3. The wireless clock module of claim 2, wherein when the internal MCU is communicatively connected to the external MCU via an IIC bus, the pins to be connected include SCL, SDA, and BUSY pins, the SCL, SDA pins indicating that the internal MCU is connected to the external MCU via the IIC bus; the BUSY pin is an IIC BUSY signal indication pin.

4. The wireless clock module of claim 3, wherein when the internal MCU is communicatively connected to the external MCU via the IIC bus, the pins to be connected further comprise a da_rec pin, the da_rec pin being a signal indication pin for the wireless clock module to receive network data, for enabling the wireless clock module to perform network data transmission.

5. The wireless clock module of any one of claims 1-4, further comprising a rechargeable battery and/or a power management circuit, the rechargeable battery being electrically connected to the RTC chip for powering the RTC chip after power failure; the power management circuit is electrically connected with the wireless timing circuit and is used for converting voltage, so that the wireless clock module can adapt to an external power supply with a wide voltage range.

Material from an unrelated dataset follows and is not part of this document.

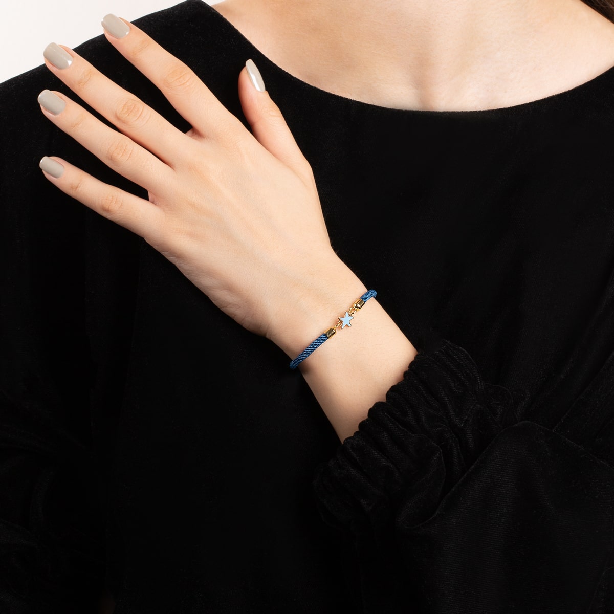 استمتعي بالأناقة الفاخرة التي يوفرها سوارنا المصنوع من مينا النجوم. تم وضع المينا الزرقاء المذهلة بدقة على النجمة الذهبية عيار 18 قيراطًا، مما يخلق مظهرًا خالدًا ومتطورًا. ارتقِ بأسلوبك مع هذه القطعة الحصرية التي تنضح بالرقي والذوق الرفيع.

6. A method of wireless timing, comprising the steps of:

step S1: the wireless timing circuit establishes wireless connection with the router;

step S2: the internal MCU is in communication connection with the mobile phone APP/PC client to receive the timing instruction of the user and compare the timing instruction with the timing instruction prestored in the internal MCU, and when the timing instruction is consistent with the timing instruction, the internal MCU sends the timing instruction to the wireless timing circuit;

step S3: the wireless timing circuit accesses an NTP server through a router and obtains standard UTC time, and then the standard UTC time is transmitted to the internal MCU;

step S4: after receiving the standard UTC time, the internal MCU converts the standard UTC time and corrects the time of the RTC chip according to the converted time information;

the wireless timing circuit is an infrared timing circuit and comprises an infrared chip, the wireless timing circuit is connected with a router with infrared receiving and transmitting functions through infrared, the router is connected with the NTP server through a network cable, the wireless timing circuit accesses the NTP server through the router and obtains standard UTC time, time information data from the NTP server are converted into infrared coding data and provided with appointed data heads, the infrared timing circuit always receives infrared information, when an infrared effective data format with time information is identified, the infrared effective data format with the time information is transmitted to the infrared chip, and the internal MCU reads the data of the infrared chip to realize timing of the RTC chip.